Advocates push for comprehensive PH mental health law

Fritzie Rodriguez
Advocates push for comprehensive PH mental health law
The Philippines is home to over 100 million Filipinos, yet there are only 690 psychiatrists and around 1,000 nurses working in psychiatric care

MANILA, Philippines – The country’s psychiatrists on Thursday, October 29, pushed for a comprehensive mental health law in the Philippines, one of the  remaining countries in the world without such legislation.

At the Mental Health Act Now forum on Thursday, the Philippine Psychiatric Association (PPA) said that unlike some of its ASEAN neighbors, the Philippines has been stalling support for those with mental health needs. 

Bills have been proposed as early as the 1980s. Although the Philipines has a Mental Health Policy signed by then Health Secretary Manuel Dayrit, it has no national law focusing on mental health.

ASEAN countries with mental health legislations Year legislation was passed
Source: National Center for Mental Health
Myanmar 1912
Brunei 1929
Malaysia 2001
Singapore 2008
Indonesia 2014

No teeth, no law

Advocates are hopeful that the law will be passed during the 17th Congress, though they admit it will be a long process.

They are worried that some legislators might push for a watered down version of the bill out of fear of controversy. The PPA urged Filipinos to write and prod legislators into supporting the bill.

“The bill should not just be motherhood statements, it should have teeth,” June Lopez of the University of the Philippines said at the forum.

Camarines Sur Third District Representative Leni Robredo and Senator Pia Cayetano filed the latest versions of the Mental Health Act in 2015 in the House of Representatives and the Senate, respectively.

“Leni gave us two hours to discuss this bill – something you won’t see with others; they just sign,” Lopez said.

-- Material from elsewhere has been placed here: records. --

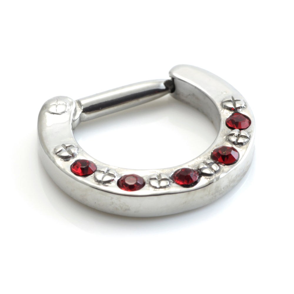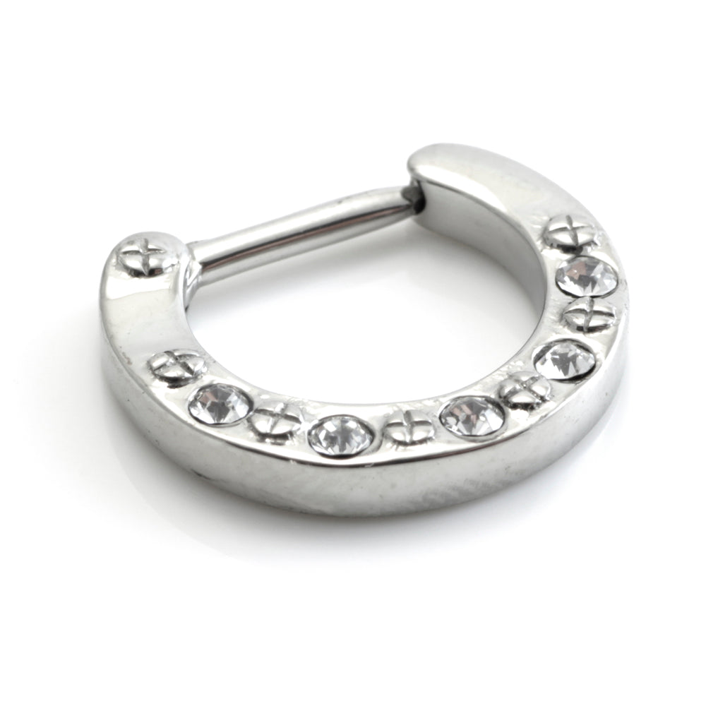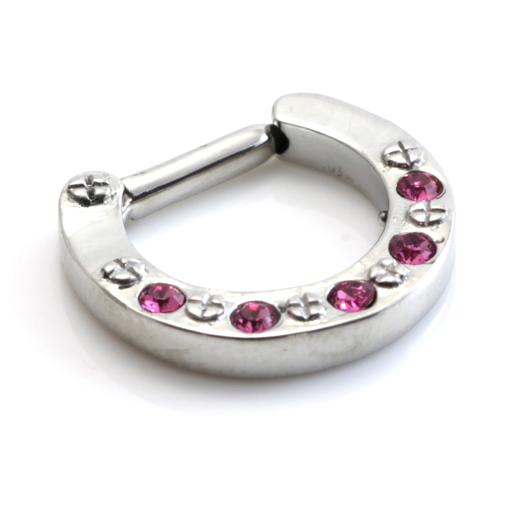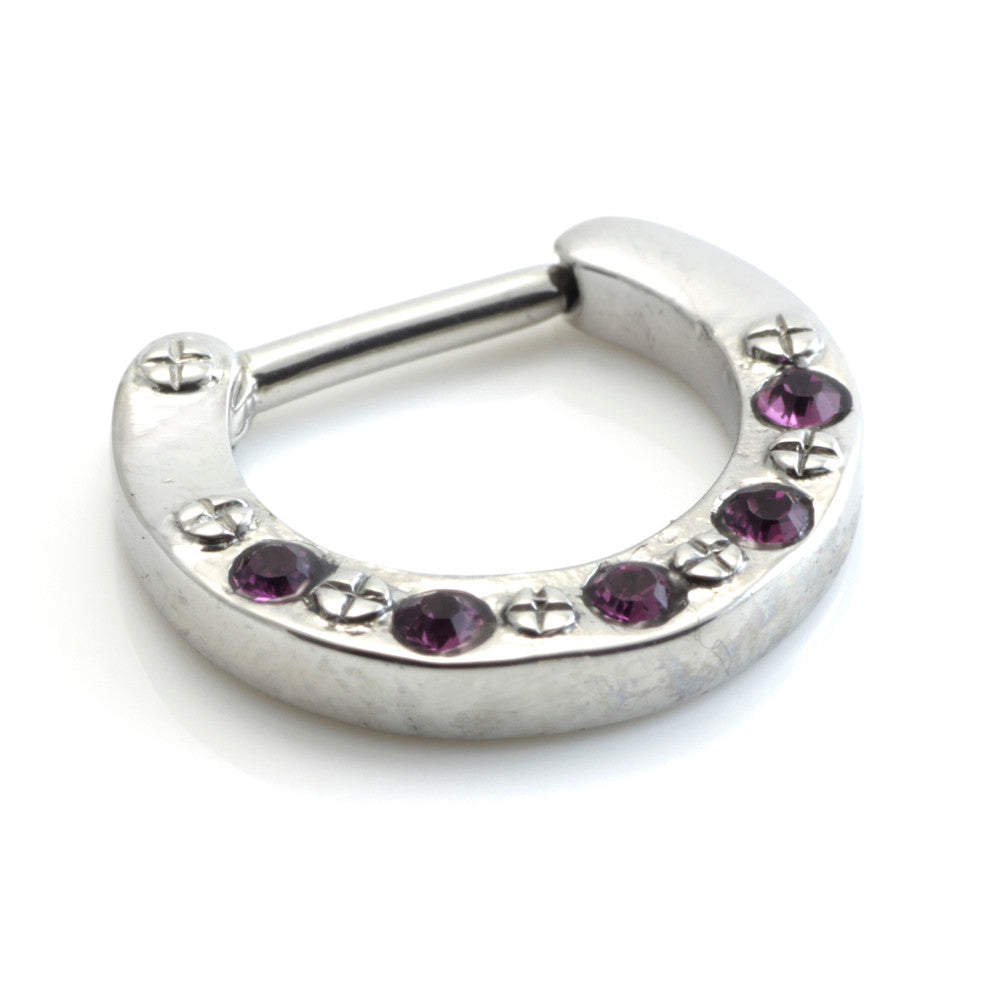 5 Swarovski Gems in 316L Steel Hinged Septum Ring 1.2mm x 8mm or 1.6mm x 8mm Gem Colours: Crystal, Aqua, Rose, AB, Ame, Peridot, Jet, Lt Siam.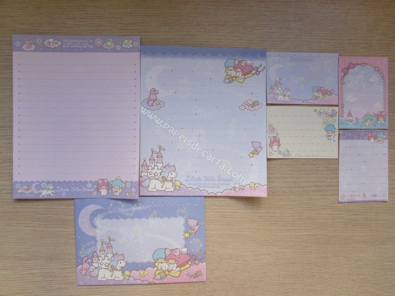 Conjunto importado, de papel de carta com 2 folhas diferentes, 4 notinhas diferentes e 1 envelope dos Little Twin Stars. Fabricante: Sun-star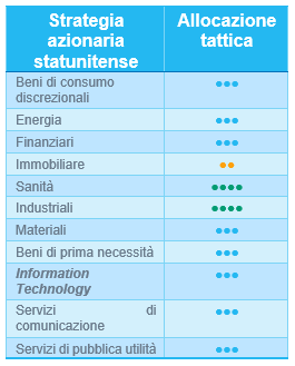 Le aspettative di crescita continuano a essere trainate principalmente da information technology, sanità e industriali. In questo contesto di attese sugli utili lievemente riviste e recente debolezza del mercato, il rapporto prezzo/utili forward a 12 mesi del S&P 500 è sceso a 20,7, mantenendosi tuttavia al di sopra delle medie quinquennale e decennale.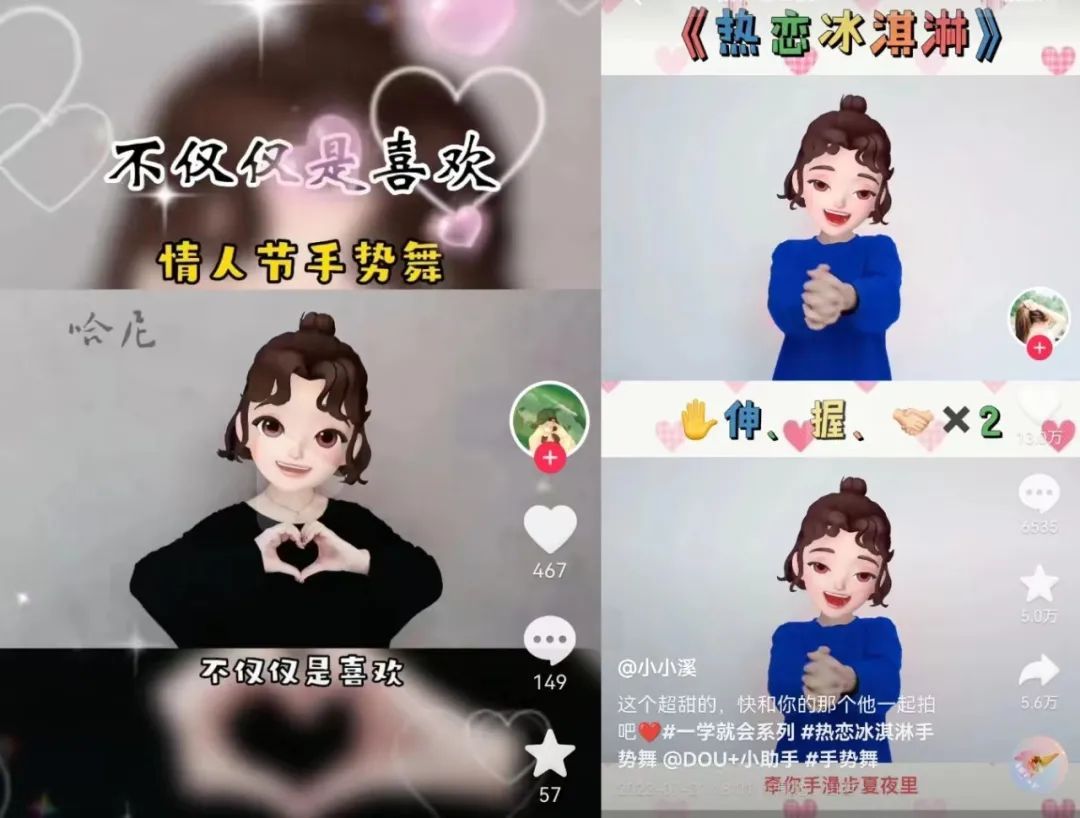 以手作为重要表演“工具”的手势舞自然具备了表情达意的功能,因此这类短视频也具有更强的感染力和吸引力,同时这意味着它可以与热门的话题和社会事件相结合,形成“手势舞+”的互动宇宙,满足用户情感互动的需求。相对于直接的口语表达,手势舞的情感流露得也更加含蓄和具有亲和力。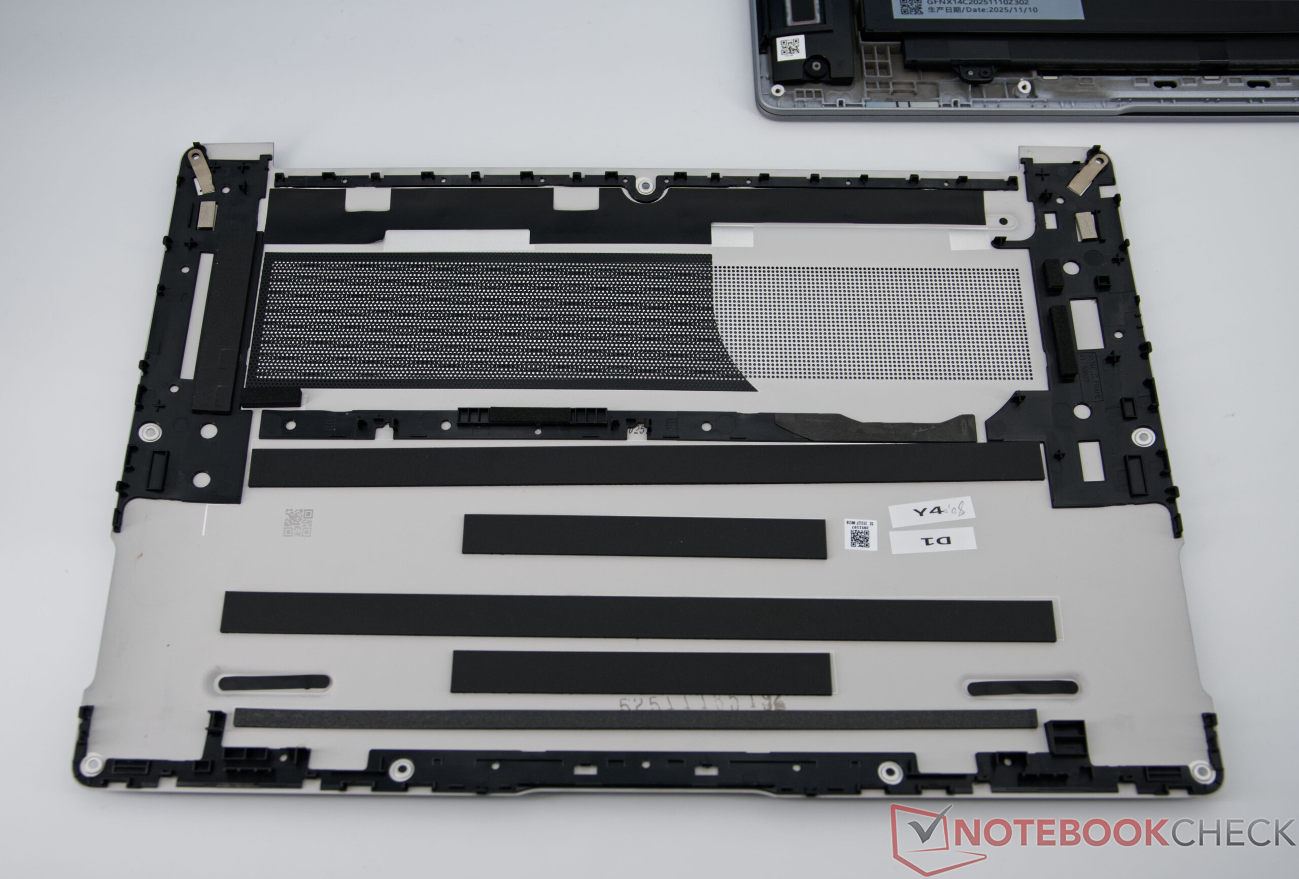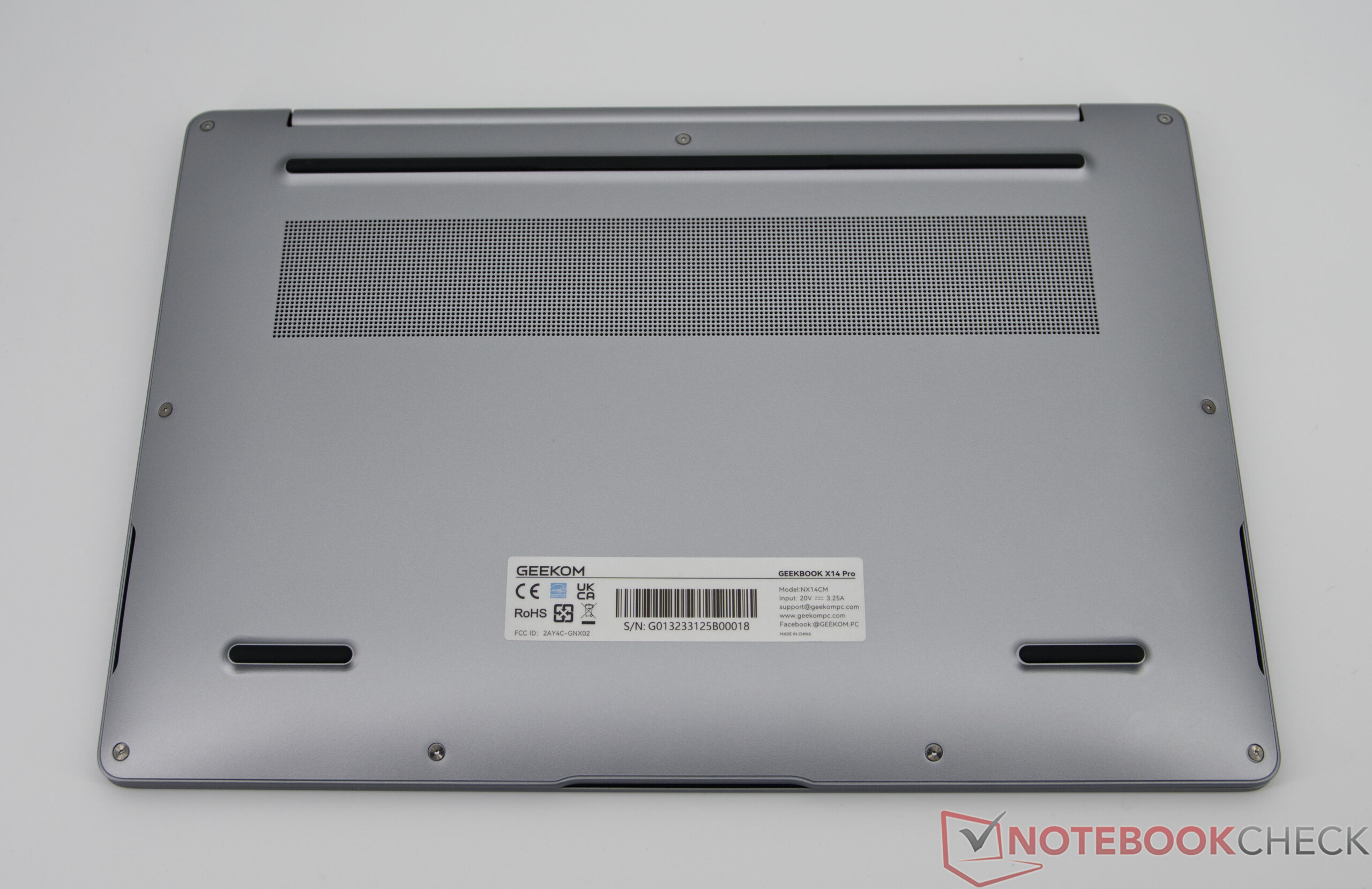 De GeekBook X14 Pro maakt indruk met een bijzonder licht metalen chassis van magnesiumlegering, een hoogwaardige afwerking en een strak en eigentijds ontwerp. Ondanks het lage gewicht lijkt de notebook stabiel, ook al kunnen er onder zware druk lichte buigpunten optreden - een typisch compromis van ultralichte apparaten. De scharnieren zijn stevig, geschikt voor dagelijks gebruik en houden het scherm goed op zijn plaats.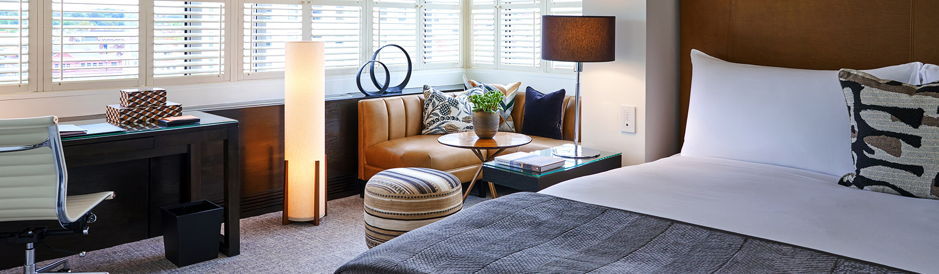 Alternatively, the north-facing suites at the back of the hotel provide a more tranquil experience, overlooking a peaceful residential street. These corner rooms are designed for those who appreciate quietude. This family-friendly suite features elegant wood shutters that lend a homey feel, while the blackout shades cater to those sensitive to light, ensuring the perfect setting for a restful night’s sleep.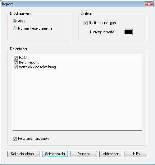 Im speziellen Fall des Planzeichenmanagers hat man durch die Report-Funktion die Möglichkeit, die Planzeichen des markierten Gliederungspunkts auf einem Drucker auszugeben. Die Datenfelder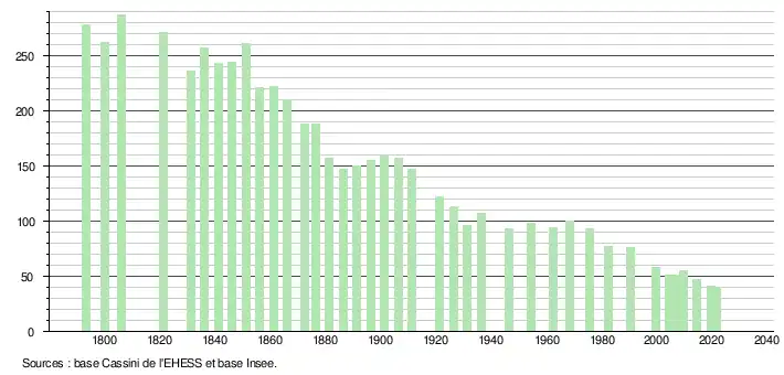 L'évolution du nombre d'habitants est connue à travers les recensements de la population effectués dans la commune depuis 1793. Pour les communes de moins de 10 000 habitants, une enquête de recensement portant sur toute la population est réalisée tous les cinq ans, les populations légales des années intermédiaires étant quant à elles estimées par interpolation ou extrapolation[14]. Pour la commune, le premier recensement exhaustif entrant dans le cadre du nouveau dispositif a été réalisé en 2004[15].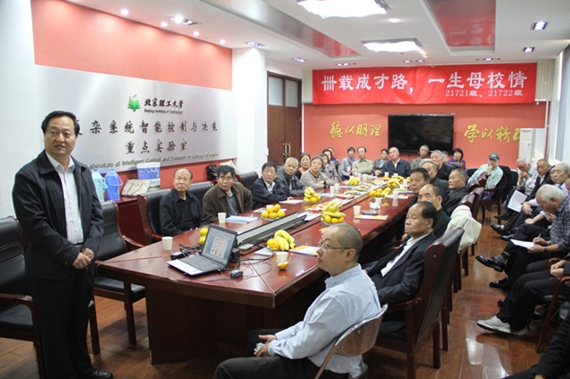 2015年10月18日上午,365英国上市公司21721、21722班校友毕业四十周年返校座谈会在中关村校区六号楼三层会议室举行。来自祖国各地的三十余位老校友齐聚一堂,追忆青春,共话未来。365英国上市公司院长王军政、副书记副院长潘峰参加了活动。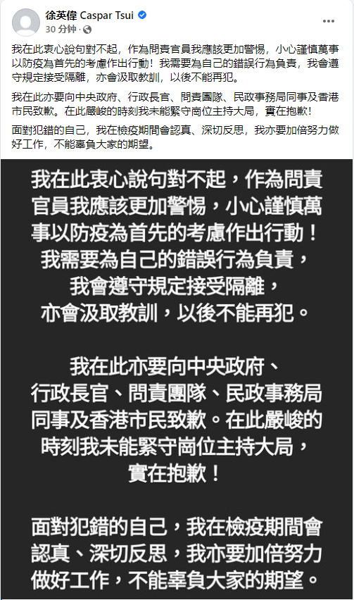徐英偉說,自己在此嚴峻的時刻卻未能緊守崗位主持大局,會在檢疫期間認真、深切反思,亦要加倍努力做好工作,不能辜負大家的期望。

The 22nd version of the bill defines the obligations of the government and the health sector in protecting and promoting the rights of the mentally ill. The MH Act also aims to ensure that all Filipinos are mentally healthy.

In the absence of a national mental health law, some local governments are implementing their own ordinances. One of them is Quezon City, which passed its ordinance on October 29, the second in the Philippines, after Bacolod.

This means Quezon City will be funding mental health programs as part of its primary healthcare system, according to Regina de Jesus, executive director of the Philippine Mental Health Association.

Too few, too many

The Philippines is home to over 100 million Filipinos, yet there are only 690 psychiatrists and around 1,000 nurses working in psychiatric care. 

The Philippines’ budget for mental health also remains small. The World Health Organization (WHO) reported in 2007 that the country “spends about 5% of the total health budget on mental health and substantial portions of it are spent on the operation and maintenance of mental hospitals.”

WHO also found that only a small percentage of mental health workers received training related to human rights. 

There are no definite figures on the number of Filipinos with mental health problems, especially since stigma and discrimination are forcing some to stay silent. As a result, many do not seek help, while others refuse to provide help.

The country only has two mental hospitals, and most mental health facilities are concentrated in the National Capital Region and other major urban cities. Some provinces, the PPA stressed, do not even have any psychiatrists. 

During Typhoon Yolanda (Haiyan), Lopez recalled, there were two men with mental illness who were chained, caged, and left in the rain as their relatives fled.

“They spent years in kulungan ng baboy (pig pen) only because there was no help available,” Lopez shared during the forum. “Even the barangay (village) officials felt there was a need to put these two men behind a cage for the safety of the community.”

There is a need to educate healthcare workers and government officials too when it comes to mental health, advocates said. After all, health is a right, not an entitlement.

“We are very medieval not only in our prisons but also our health facilities for the mentally ill,” Lopez argued.

She also stressed the need for a rights-based approach to mental health. 

“Respect rights of patients even as we try to attend to his needs. No excuse for violating his rights even if we think it’s for his own good,” Lopez said.

A human rights-based law dissolves unjust power relations, inequality, and discriminatory practices.